The full listing is to be transcribed exactly, with each picture left out.
== SOURCE DATA ==
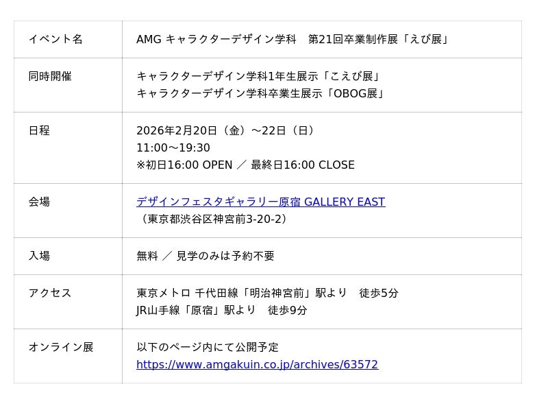 エンタメ業界のプロを育成するアミューズメントメディア総合学院(東京都渋谷区/理事長:吉田 東吾、以下 AMG)は、キャラクターデザイン学科による卒業制作展「AMG キャラクターデザイン学科 第20回卒業制作展『えび展』」を、2026年2月20日(金)から22日(日)までの3日間、デザインフェスタギャラリー原宿にて開催いたします。入場は無料・予約不要です。(※入学者見学会は要予約)
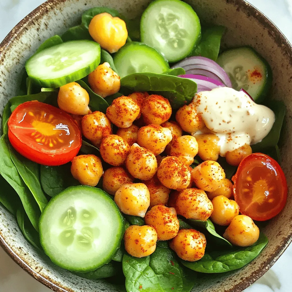 ![To make this Crispy Chickpeas and Spinach Salad, gather these fresh ingredients: - 1 can (15 oz) chickpeas, rinsed and drained - 1 tablespoon olive oil - 1 teaspoon smoked paprika - 1 teaspoon garlic powder - Salt and pepper to taste - 4 cups fresh spinach, washed and dried - 1 cup cherry tomatoes, halved - ½ cucumber, diced - ¼ red onion, thinly sliced - 2 tablespoons lemon juice - 1 tablespoon tahini - 1 tablespoon honey (or maple syrup for a vegan option) - 1 tablespoon water You can switch some ingredients if needed: - Use dried chickpeas instead of canned. Just cook them first. - Swap olive oil for avocado oil for a different flavor. - Try smoked salt if you want a smoky taste without paprika. - For a different green, replace spinach with kale or arugula. - Use any nut butter instead of tahini for the dressing. To make this salad, you will need: - A baking sheet for the chickpeas - A large mixing bowl for the salad - A small bowl for mixing the dressing - A whisk or fork to mix the dressing - Measuring spoons for accurate portions - A paper towel to dry the chickpeas You can find the full recipe to guide you through each step. Start by gathering all your ingredients. You need chickpeas, spinach, olive oil, and spices. Rinse and drain the chickpeas well. Use a paper towel to pat them dry. This step helps them get crispy. Next, wash and dry your spinach. Cut the cherry tomatoes in half. Dice the cucumber and slice the red onion. Set everything aside for later. Preheat your oven to 400°F (200°C). This temperature helps the chickpeas get extra crispy. In a bowl, toss the dried chickpeas with olive oil, smoked paprika, garlic powder, salt, and pepper. Make sure they are coated evenly. Spread the chickpeas on a baking sheet. Bake them for 25 to 30 minutes. Stir them halfway through to cook evenly. They should be golden brown and crunchy when done. While the chickpeas bake, prepare the dressing. In a small bowl, mix lemon juice, tahini, honey, and water. Whisk until smooth. If it’s too thick, add more water. In a large bowl, combine the spinach, cherry tomatoes, cucumber, and red onion. Drizzle the dressing over the salad. Toss gently to coat everything well. Once the chickpeas are ready, let them cool for a few minutes. Add them to the salad and toss again. Serve this delicious dish warm for the best flavor. For the full recipe, check out Crispy Chickpeas & Spinach Delight. To get crispy chickpeas, start by drying them. Use a paper towel to remove all moisture. This step is key. The drier the chickpeas, the crispier they will get. Toss them with olive oil and spices. I love using smoked paprika and garlic powder. Spread them on a baking sheet in a single layer. Bake at 400°F for 25-30 minutes. Stir halfway to ensure they cook evenly. Keep an eye on them. You want them golden brown and crunchy. For a great dressing, mix lemon juice, tahini, honey, and water. Whisk until smooth. If it’s too thick, add a bit more water. Don't forget to season with salt. This dressing adds bright flavor to the salad. You can also add herbs like parsley or dill for extra taste. If you want a kick, try adding a pinch of cayenne pepper. Serve this salad right away for the best texture. The warm chickpeas add a nice crunch. You can add more toppings, like feta cheese or avocado. This salad also pairs well with grilled chicken or shrimp. If you want a heartier meal, serve it with quinoa or brown rice. For a fun touch, use different colored cherry tomatoes. They make the salad look beautiful. Find the full recipe to explore more tasty ideas! {{image_2}} You can easily boost the protein in this salad. Try adding grilled chicken or shrimp for extra flavor. For a vegetarian option, add hard-boiled eggs or feta cheese. These additions make the salad heartier and more filling. Just remember to adjust the dressing if needed. This salad is naturally vegetarian and can be made vegan. Use maple syrup instead of honey for the dressing. You can skip the cheese or choose a plant-based cheese to keep it vegan. These small swaps let everyone enjoy this dish. Feel free to change ingredients based on the seasons. In summer, add fresh corn or bell peppers for a sweet crunch. In fall, diced apples or roasted squash can add warmth. These swaps keep the salad fresh and exciting all year long. For the full recipe, check out the [Full Recipe] section. You can store any leftover salad in the fridge. Place it in a bowl and cover it tightly. The crispy chickpeas will lose some crunch over time, so try to enjoy the salad within two days. Keep the dressing separate if you want the salad fresh for longer. Use glass or plastic containers with tight-fitting lids for best results. These containers keep the salad fresh and are easy to stack in the fridge. If you have a lot of salad, divide it into smaller portions. This way, you can grab a quick meal when you're hungry. To bring back the crunch, reheat the chickpeas in the oven. Preheat to 375°F (190°C). Spread the chickpeas on a baking sheet and heat for about 5-10 minutes. Keep an eye on them to avoid burning. You want them warm and crispy again. Enjoy them with your salad for the best taste! Yes, you can make this salad ahead of time. You can prep the veggies and dressing a day before. Store them in separate containers. Mix them just before serving to keep the spinach fresh. For extra crunch, consider adding nuts or seeds. Almonds, walnuts, or sunflower seeds work great. You can also use crispy tortilla strips or croutons for added texture. To keep your chickpeas crispy, dry them well before cooking. Remove all moisture. Roast them at a high heat for the best crunch. Store any leftovers in an open container to keep them from getting soggy. Yes, you can use canned spinach, but fresh is best for taste. If using canned, drain and rinse it well. Squeeze out excess moisture to avoid sogginess in the salad. For the best flavor, use the full recipe for fresh ingredients. You now have all
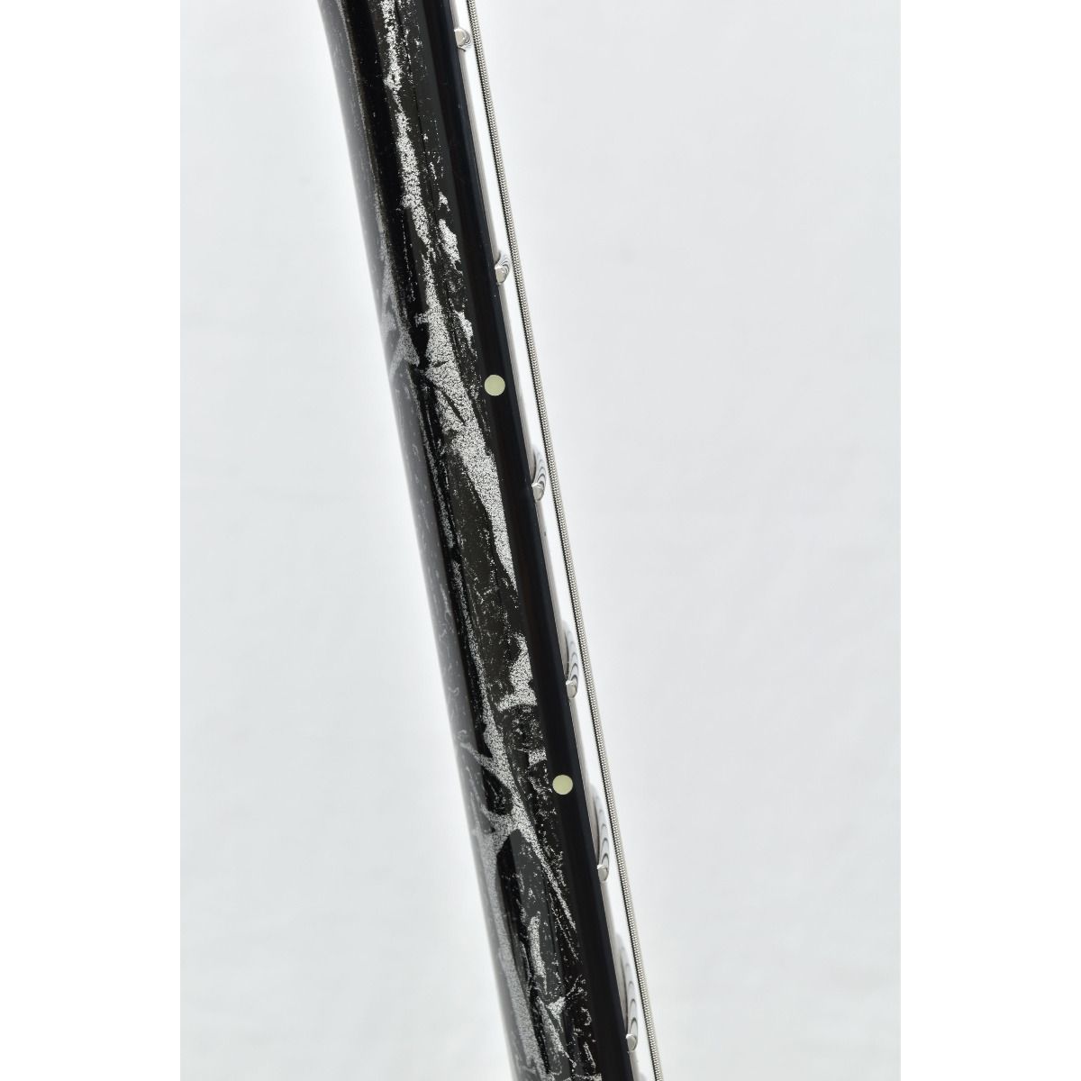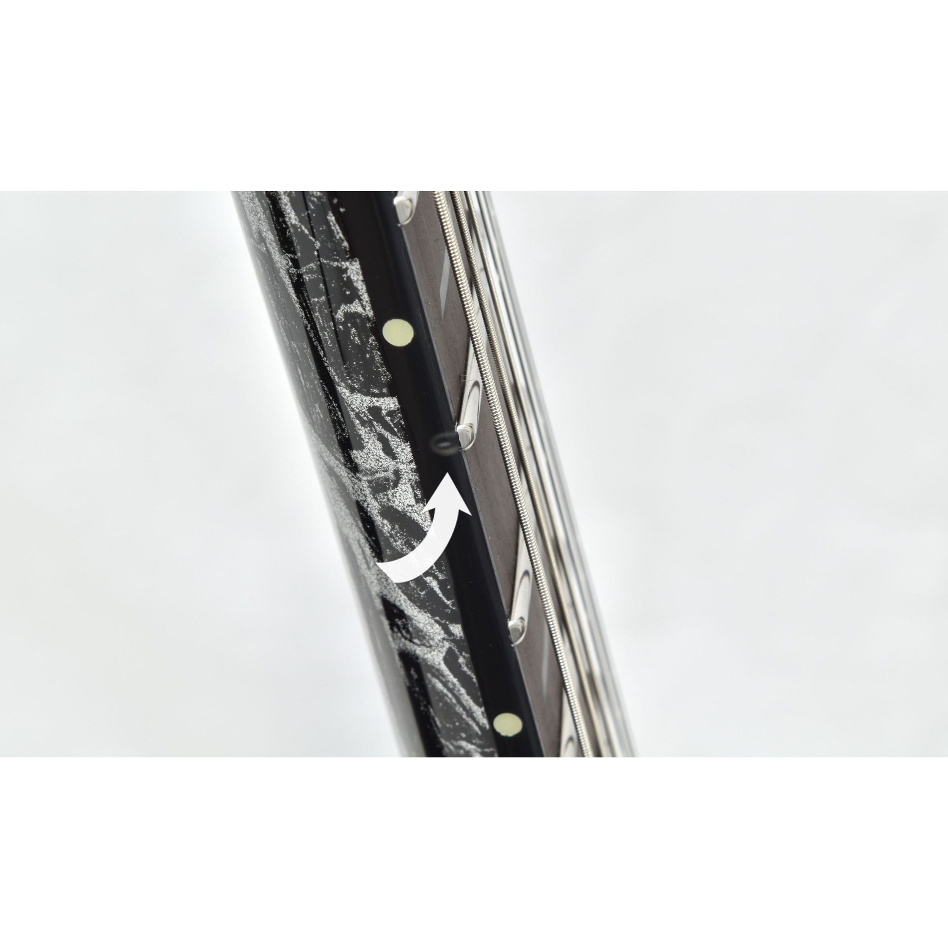 B-stock guitar with white stress spot in binding at 7th fret.
===
## ANSWER SPACE
 エンタメ業界のプロを育成するアミューズメントメディア総合学院(東京都渋谷区/理事長:吉田 東吾、以下 AMG)は、キャラクターデザイン学科による卒業制作展「AMG キャラクターデザイン学科 第20回卒業制作展『えび展』」を、2026年2月20日(金)から22日(日)までの3日間、デザインフェスタギャラリー原宿にて開催いたします。入場は無料・予約不要です。(※入学者見学会は要予約)
 ![To make this Crispy Chickpeas and Spinach Salad, gather these fresh ingredients: - 1 can (15 oz) chickpeas, rinsed and drained - 1 tablespoon olive oil - 1 teaspoon smoked paprika - 1 teaspoon garlic powder - Salt and pepper to taste - 4 cups fresh spinach, washed and dried - 1 cup cherry tomatoes, halved - ½ cucumber, diced - ¼ red onion, thinly sliced - 2 tablespoons lemon juice - 1 tablespoon tahini - 1 tablespoon honey (or maple syrup for a vegan option) - 1 tablespoon water You can switch some ingredients if needed: - Use dried chickpeas instead of canned. Just cook them first. - Swap olive oil for avocado oil for a different flavor. - Try smoked salt if you want a smoky taste without paprika. - For a different green, replace spinach with kale or arugula. - Use any nut butter instead of tahini for the dressing. To make this salad, you will need: - A baking sheet for the chickpeas - A large mixing bowl for the salad - A small bowl for mixing the dressing - A whisk or fork to mix the dressing - Measuring spoons for accurate portions - A paper towel to dry the chickpeas You can find the full recipe to guide you through each step. Start by gathering all your ingredients. You need chickpeas, spinach, olive oil, and spices. Rinse and drain the chickpeas well. Use a paper towel to pat them dry. This step helps them get crispy. Next, wash and dry your spinach. Cut the cherry tomatoes in half. Dice the cucumber and slice the red onion. Set everything aside for later. Preheat your oven to 400°F (200°C). This temperature helps the chickpeas get extra crispy. In a bowl, toss the dried chickpeas with olive oil, smoked paprika, garlic powder, salt, and pepper. Make sure they are coated evenly. Spread the chickpeas on a baking sheet. Bake them for 25 to 30 minutes. Stir them halfway through to cook evenly. They should be golden brown and crunchy when done. While the chickpeas bake, prepare the dressing. In a small bowl, mix lemon juice, tahini, honey, and water. Whisk until smooth. If it’s too thick, add more water. In a large bowl, combine the spinach, cherry tomatoes, cucumber, and red onion. Drizzle the dressing over the salad. Toss gently to coat everything well. Once the chickpeas are ready, let them cool for a few minutes. Add them to the salad and toss again. Serve this delicious dish warm for the best flavor. For the full recipe, check out Crispy Chickpeas & Spinach Delight. To get crispy chickpeas, start by drying them. Use a paper towel to remove all moisture. This step is key. The drier the chickpeas, the crispier they will get. Toss them with olive oil and spices. I love using smoked paprika and garlic powder. Spread them on a baking sheet in a single layer. Bake at 400°F for 25-30 minutes. Stir halfway to ensure they cook evenly. Keep an eye on them. You want them golden brown and crunchy. For a great dressing, mix lemon juice, tahini, honey, and water. Whisk until smooth. If it’s too thick, add a bit more water. Don't forget to season with salt. This dressing adds bright flavor to the salad. You can also add herbs like parsley or dill for extra taste. If you want a kick, try adding a pinch of cayenne pepper. Serve this salad right away for the best texture. The warm chickpeas add a nice crunch. You can add more toppings, like feta cheese or avocado. This salad also pairs well with grilled chicken or shrimp. If you want a heartier meal, serve it with quinoa or brown rice. For a fun touch, use different colored cherry tomatoes. They make the salad look beautiful. Find the full recipe to explore more tasty ideas! {{image_2}} You can easily boost the protein in this salad. Try adding grilled chicken or shrimp for extra flavor. For a vegetarian option, add hard-boiled eggs or feta cheese. These additions make the salad heartier and more filling. Just remember to adjust the dressing if needed. This salad is naturally vegetarian and can be made vegan. Use maple syrup instead of honey for the dressing. You can skip the cheese or choose a plant-based cheese to keep it vegan. These small swaps let everyone enjoy this dish. Feel free to change ingredients based on the seasons. In summer, add fresh corn or bell peppers for a sweet crunch. In fall, diced apples or roasted squash can add warmth. These swaps keep the salad fresh and exciting all year long. For the full recipe, check out the [Full Recipe] section. You can store any leftover salad in the fridge. Place it in a bowl and cover it tightly. The crispy chickpeas will lose some crunch over time, so try to enjoy the salad within two days. Keep the dressing separate if you want the salad fresh for longer. Use glass or plastic containers with tight-fitting lids for best results. These containers keep the salad fresh and are easy to stack in the fridge. If you have a lot of salad, divide it into smaller portions. This way, you can grab a quick meal when you're hungry. To bring back the crunch, reheat the chickpeas in the oven. Preheat to 375°F (190°C). Spread the chickpeas on a baking sheet and heat for about 5-10 minutes. Keep an eye on them to avoid burning. You want them warm and crispy again. Enjoy them with your salad for the best taste! Yes, you can make this salad ahead of time. You can prep the veggies and dressing a day before. Store them in separate containers. Mix them just before serving to keep the spinach fresh. For extra crunch, consider adding nuts or seeds. Almonds, walnuts, or sunflower seeds work great. You can also use crispy tortilla strips or croutons for added texture. To keep your chickpeas crispy, dry them well before cooking. Remove all moisture. Roast them at a high heat for the best crunch. Store any leftovers in an open container to keep them from getting soggy. Yes, you can use canned spinach, but fresh is best for taste. If using canned, drain and rinse it well. Squeeze out excess moisture to avoid sogginess in the salad. For the best flavor, use the full recipe for fresh ingredients. You now have all
 B-stock guitar with white stress spot in binding at 7th fret.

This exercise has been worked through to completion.